Invece questa Chiesa apprendente, queste Chiese apprendenti sarebbero una grande testimonianza perché in questo nostro mondo così complicato, sapete che peso ha la testimonianza… Esemplifico. A conclusione degli scontri che hanno fatto a pezzi l’ex Jugoslavia, la Bosnia Erzegovina è stata pensata come una repubblica federale che al suo interno ha due entità: una è la Federazione croato-musulmana, l’altra è la Repubblica serba. Per uscire dal casino in cui erano finiti, i croati cattolici non si sono alleati con i serbi, che sono cristiani ortodossi, ma con i musulmani; l’odio teologico e storico è una cosa tanto sconvolgente che il vescovo ortodosso che regge la diocesi di Sarajevo incontrando il Papa ha detto: è una vergogna che qui ci siamo combattuti tra cristiani.

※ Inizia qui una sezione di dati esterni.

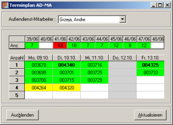 In der oberen (einzeiligen) Tabelle werden die für die kommenden Wochen vereinbarten Außendienst-Termine angezeigt. Ist für eine Woche die Anzahl größer als vorgesehen, wird das entsprechende Feld rot hinterlegt, ansonsten grün. Wochen ohne Termine erhalten eine weiße Hintergrundfarbe.

Sono appena tornato dalla Bosnia con due sentimenti contrastanti: da una parte una grande gioia perché ho visto persone di una dolcezza e di un’accoglienza tali che sono rimasto senza fiato; e però quando scavi sotto sotto spesso è tutto come prima: nessuno dei grandi artefici dei delitti compiuti durante la guerra in Bosnia si è pentito pubblicamente, tant’è vero che un gruppo di intellettuali bosniaci ha scritto una lettera aperta a Francesco prima che arrivasse, dicendo: siamo felici, ringraziamo della visita, però vogliamo dirLe che tra coloro che la riceveranno all’aeroporto – e io stavo là a vedere – ci sono coloro che hanno le mani sporche di sangue e non si sono mai pentiti.

Senza più la pretesa ridicola di guidare il mondo (si vede dove sono arrivate!) le Chiese devono testimoniare tutte insieme, come disse Gesù, perché il mondo creda. Testimoniare l’unità, e l’unità non vuol dire essere tutti uguali, vuol dire che nelle fondamenta riusciamo ad essere insieme e non ci combattiamo più gli uni gli altri.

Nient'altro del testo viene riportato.